Komentator isu terkini Li Linyi: “Saya kira Zhu Rongji sendiri mungkin tidak pernah membayangkan bahwa pada saat ini ekonomi Tiongkok akan dibuat berantakan oleh Xi Jinping, dan bahwa ‘pabrik dunia’ akan berubah menjadi tempat produksi barang berlebih yang kemudian berusaha keras diekspor ke luar negeri.”
“Saya kira ini juga sesuatu yang tidak pernah ia perkirakan. Sebenarnya, ketika PKT saat itu ingin bergabung dengan WTO, hal itu sendiri merupakan sebuah penipuan, karena banyak janji yang tidak mereka penuhi. Jika semua masalah itu dihitung secara keseluruhan, sumber persoalannya sebenarnya dapat ditelusuri kembali ke era Jiang Zemin.”
Kematian Zhu Rongji terjadi bertepatan dengan pertemuan Beidaihe PKT. Menurut sejumlah informasi, pemerintah telah mempersiapkan pengumuman kematiannya sebelumnya, sementara platform internet juga menutup kolom komentar.
Hal tersebut disebut menunjukkan betapa sensitifnya situasi politik internal PKT, dengan pemerintah berada dalam kondisi sangat waspada dan siaga tinggi.
Shen Mingshi, peneliti Institut Riset Pertahanan dan Keamanan Nasional Taiwan mengatakan : “Zhu Rongji selama ini dianggap sebagai orang yang menentang Xi Jinping. Jadi, apakah pengumuman kematiannya yang begitu cepat pada saat ini juga memiliki tujuan untuk melemahkan kelompok anti-Xi dan mengurangi tantangan terhadap Xi Jinping?”
“Pengumuman yang cepat mengenai sakit dan meninggalnya Zhu Rongji memang mengurangi ruang untuk melakukan berbagai manuver. Tentu saja, situasinya sekarang cukup sensitif karena Sidang Pleno Kelima Komite Sentral PKT akan digelar pada Oktober. Apakah Xi Jinping akan melanjutkan masa jabatannya dan bagaimana pergantian kekuasaan akan berlangsung—semuanya merupakan persoalan sensitif.”
Ada juga opini yang membandingkan kematian Zhu Rongji dengan gejolak politik yang muncul setelah meninggalnya Hu Yaobang pada 1989.
Sebagian pihak menilai pemerintah mungkin khawatir peristiwa Tiananmen 1989 terulang kembali. Gelombang opini publik ini juga dapat mendorong PKT semakin memperketat pengendalian terhadap informasi dan opini publik.
Chen Wenjia: “Tidak bisa dikatakan bahwa peristiwa Tiananmen pasti akan terulang. Kondisi sosial, politik, dan lingkungan internasional saat itu sudah sepenuhnya berbeda dengan sekarang.”
“Penilaian yang lebih masuk akal adalah bahwa kematian Zhu Rongji mungkin memicu masyarakat untuk mengenang era reformasi dan membandingkan masa lalu dengan kondisi sekarang.
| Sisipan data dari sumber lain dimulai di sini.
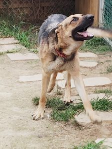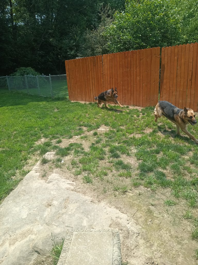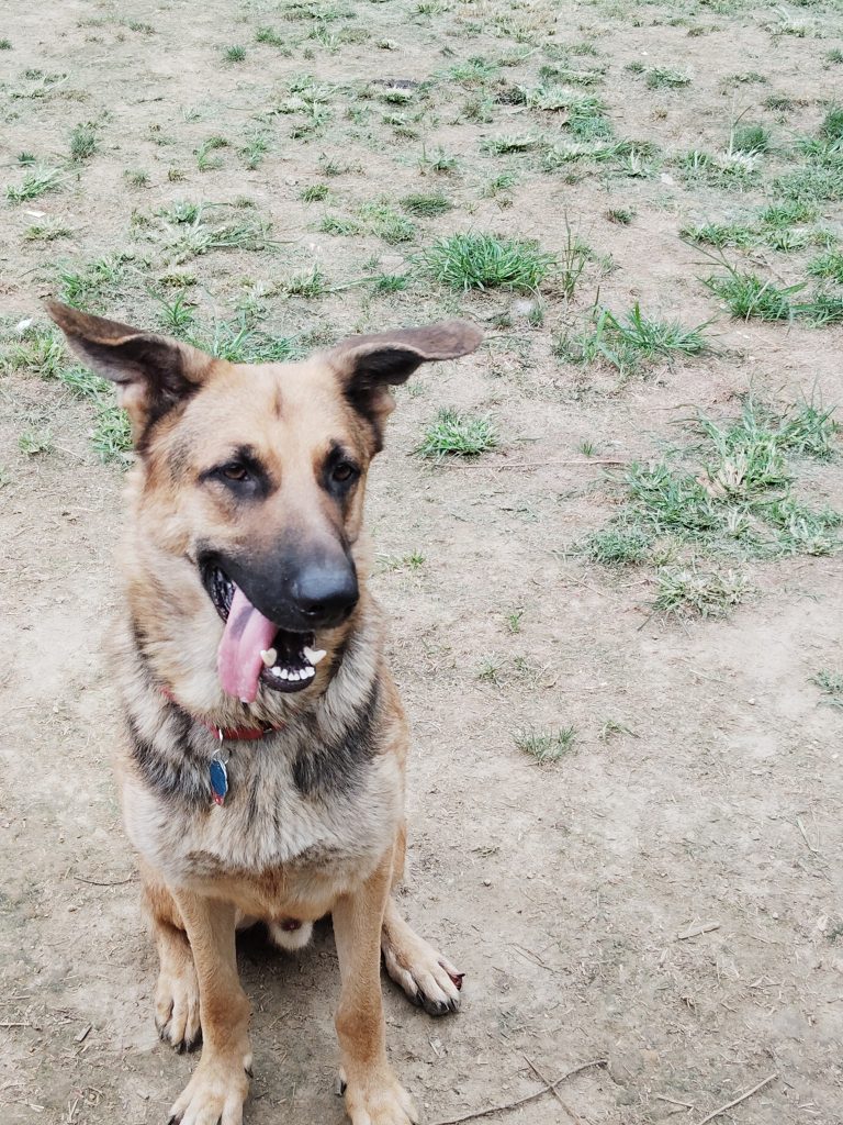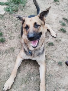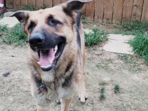 MAX – Max is a one ish year old gsd.  He is possibly part Anatolian since he is really REALLY tall at his young age.  We have found Max to be a complete goofball.  He lumbers around the yard and absolutely loves all dogs.  After he knows you , he actually listens to direction, especially with treats involved.  Once he does know you he is completely loyal.  His favorite activity is pro wrestling in his yard with his big friends – or little ones.  And he wants to do the same in the house but has learned not to do so.  He spends a fair amount of time lying quietly inside.   He is a little bow legged and has the stride of a duck.  He mistakes fingers for pup-peronis at times but is learning to cool it. He has what we call helicopter ears. And a tongue that hangs sideways pretty constantly.  He knows a fair number of commands, including sit, down and paw – which he will use to smack you for a treat.  He knows he is a great dog.  He is willing to give you the chance to figure it out.  He is also very much a shepherd and will protect you, including from all forces outside of the bathroom while he lays inside during your shower time.  It is a very serious job.

Hal ini bahkan dapat menyebabkan gejolak opini publik. Namun, dalam jangka pendek, yang kemungkinan akan kita lihat adalah PKT semakin memperketat pengendalian opini publik dan menjaga stabilitas politik, bukan langsung munculnya peristiwa seperti Tiananmen.”
Laporan New Tang Dynasty Television oleh Chen Yue dan Chang Chun.